Clay filled glasses. He sipped his, relieved, then refilled it. “Rosie.” He called out to the empty house. There was no answer. The refrigerator’s icemaker made its periodi
c whirr. There was a trick to carrying three, but he managed it.
Pallid Amanda sat on the edge of the bed. Archie had pulled a pillow over his head. “Drink up.” Clay put the glasses on the table. Whenever you were sick with something undetermined, you were supposed to drink water. Water was the first line of defense. If there was something in the air—if the storm had blown in more than just tropical birds—and that something was in the water, the whole system a closed loop, he didn’t know it.
“Thanks, honey,” his wife said.
Clay moved urgently, trot down the hall, quick slam of the door. The bathroom redolent of Amanda’s vomit and his own shit, that postmidnight binge pouring out of him in seconds. He stood in the shower as penance, asshole burning, rinsing his mouth over and over again, spitting the water against the tile wall, angry. Did he know if this was hangover or a symptom of something worse? He did not.
On the other side of the wall, Amanda opened the door to the backyard—ugh, the smell of their bodies—where the sweet air was alive with light. She wanted to undo the bed, but her boy still lazed. “How are you feeling, baby?” She thought he looked more himself.
Archie tried to come up with the right answer. He felt strange or weird or sleepy or whatever, but that was how he felt whenever he woke up before noon or so.
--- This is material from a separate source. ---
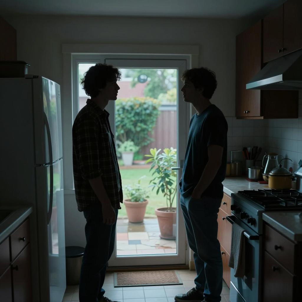 Two silhouetted men stand in a dimly lit kitchen. One wears a plaid shirt, the other a plain shirt. A glass door with a garden view is in the background. Dark cabinetry and a refrigerator are on the left. Blue light illuminates the right side.

He was mad or something in that moment, turned away from his mother and pulled the covers over his head.
“I should check your temperature. We were so worried, I was planning on taking you to see Dr. Wilcox this afternoon, after we get back, but maybe we don’t need to.”
Archie made an irritated little groan. “We’re going back?”
“Come on. I know you’re sleepy, but sit up, let Mom look at you.” Amanda sat on the bed beside her son.